This is an excerpt of a great essay at Haligweorc blog (h/t Steve Cavanaugh at Anglican Use News):
When people think of Anglo-Catholics or Anglo-Catholicism or even Catholic Anglicans, they tend to think of vestments and smoke and sacraments, clusters of candles, and racks of rosaries; the daily office – not so much. And yet, the daily office is a central liturgical discipline that grounds so much of what we do. The Mass and the Office are not alternatives, they are complements. To cleave to the Catholic faith East and West is to give the daily office the honor and the attention – and the attentiveness – that it is due.
The two public rites of the church – the holy Eucharist and the daily office – have the same primary purpose: the worship and glorification of God. And that always has to be kept central. But the secondary purposes are different. The Eucharist is mystigogical and leads us into the heart of the mystery of Christ. The office is catechetical and instructs and forms us in the foundations of the faith. Now, you might be wondering… The dominant theme of our time together is the Anglo-Catholic social tradition.
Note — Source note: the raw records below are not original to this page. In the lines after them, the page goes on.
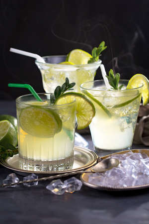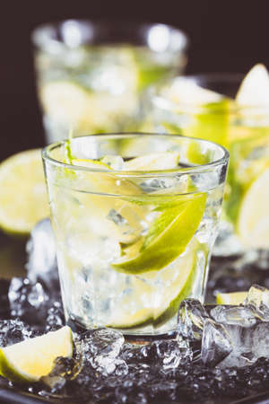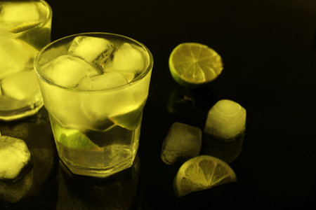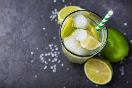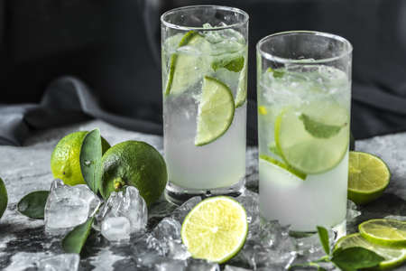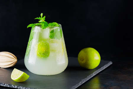 Fresh lime cocktail with ice on dark background.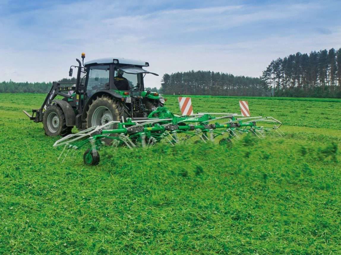 Na filmiku zaprezentowana jest praca zgrabiarek i przetrząsaczy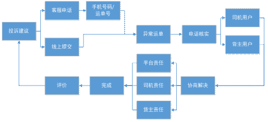 另外,針對貨物運(yùn)輸過程中發(fā)生的任何異常情況,貨達(dá)物流建立了一套投訴處理流程,用戶投訴處理快速響應(yīng),一般問題12小時內(nèi)急速解決,復(fù)雜問題48小時內(nèi)快速解決 ,處理完畢用戶在線評價,以保障對貨主和司機(jī)的服務(wù)質(zhì)量,如下圖所示。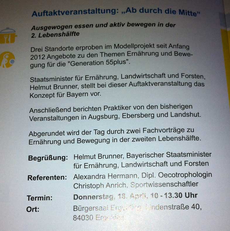 Ja das war der Titel der Auftaktveranstaltung des Modellprojekts „Netzwerk Generation 55 plus Ernährung und Bewegung“ gestern im Ergoldinger Bürgersaal. Der Bürgersaal war gut gefüllt. Helmut Brunner, Bayer. Staatsminister für Ernährung, Landwirtschaft und Forsten, eröffnete die Veranstaltung. Er trug sich im Beisein von 1. Bürgermeister Heckner und 3. Bürgermeister Strauß ins goldene Buch des Marktes Ergolding ein.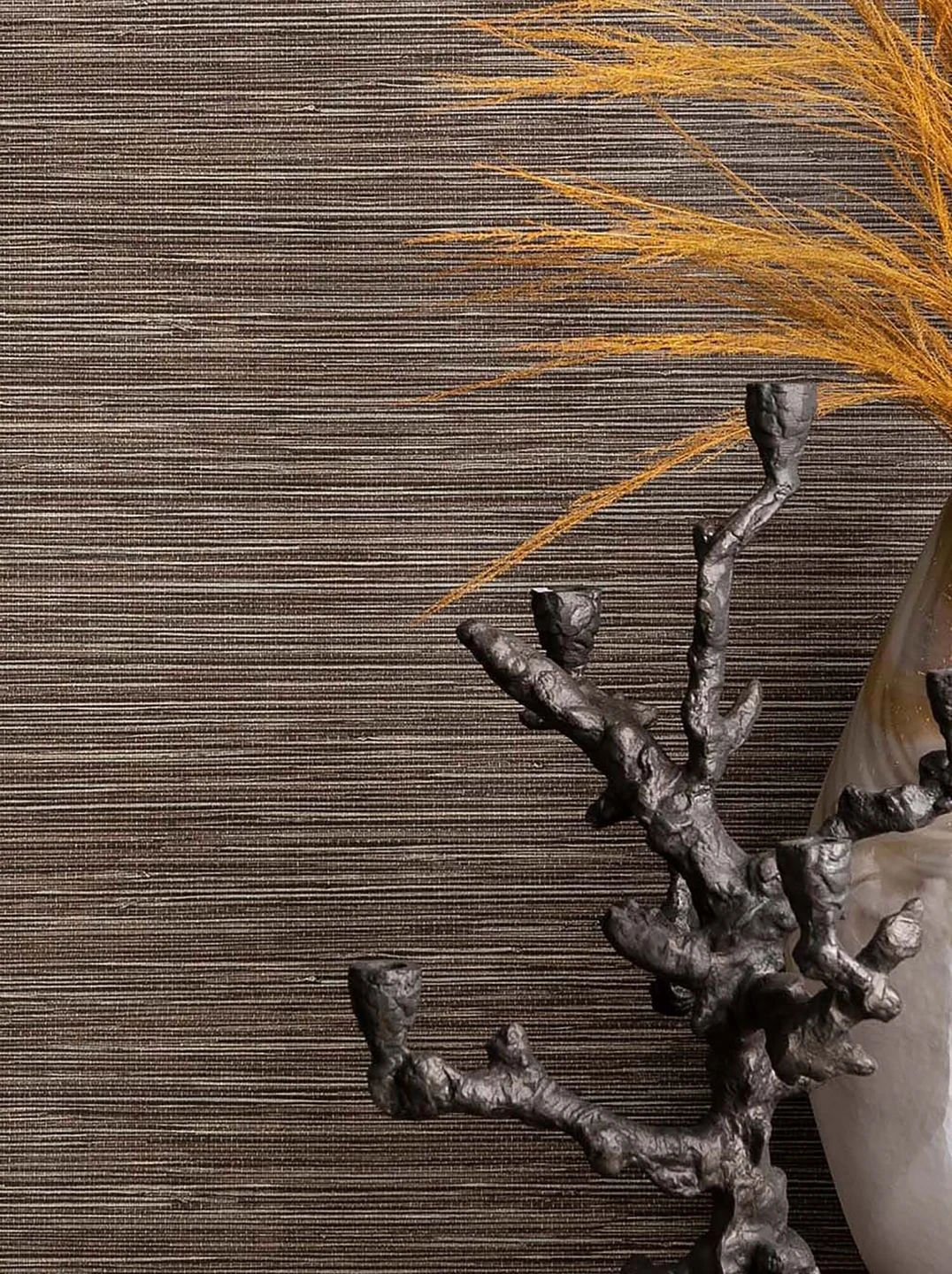 Die naturnahe Ausstrahlung einer Tapete aus echten Gräsern und die Unempfindlichkeit einer waschbeständigen Oberfläche vereint Grasscloth Illusion. Natürliche, dunkelbraune Farbtöne und die in das Vinyl eingeprägte textilähnliche Struktur von geflochtenen Grashalmen lassen die Tapete täuschend echt wirken. Im Unterschied zu echten Grastapeten können Sie diese Imitation jedoch auch in Bad oder Küche problemlos einsetzen.

So why am I taking up time talking about the office? (Or, as I’ve heard some Episcopal clergy say, why are you spending your time talking about prayer when you should be talking about justice issues!) It’s because the Anglo-Catholic social conscience must be formed, it must be crafted, and the distinctive characteristic that differentiates a secular drive for a just society from one formed in the Catholic Anglican tradition is the process and method of its formation. The greatest tool that we have for molding a Christian social conscience is Scripture itself, and more particularly, the attentive practice of the daily office.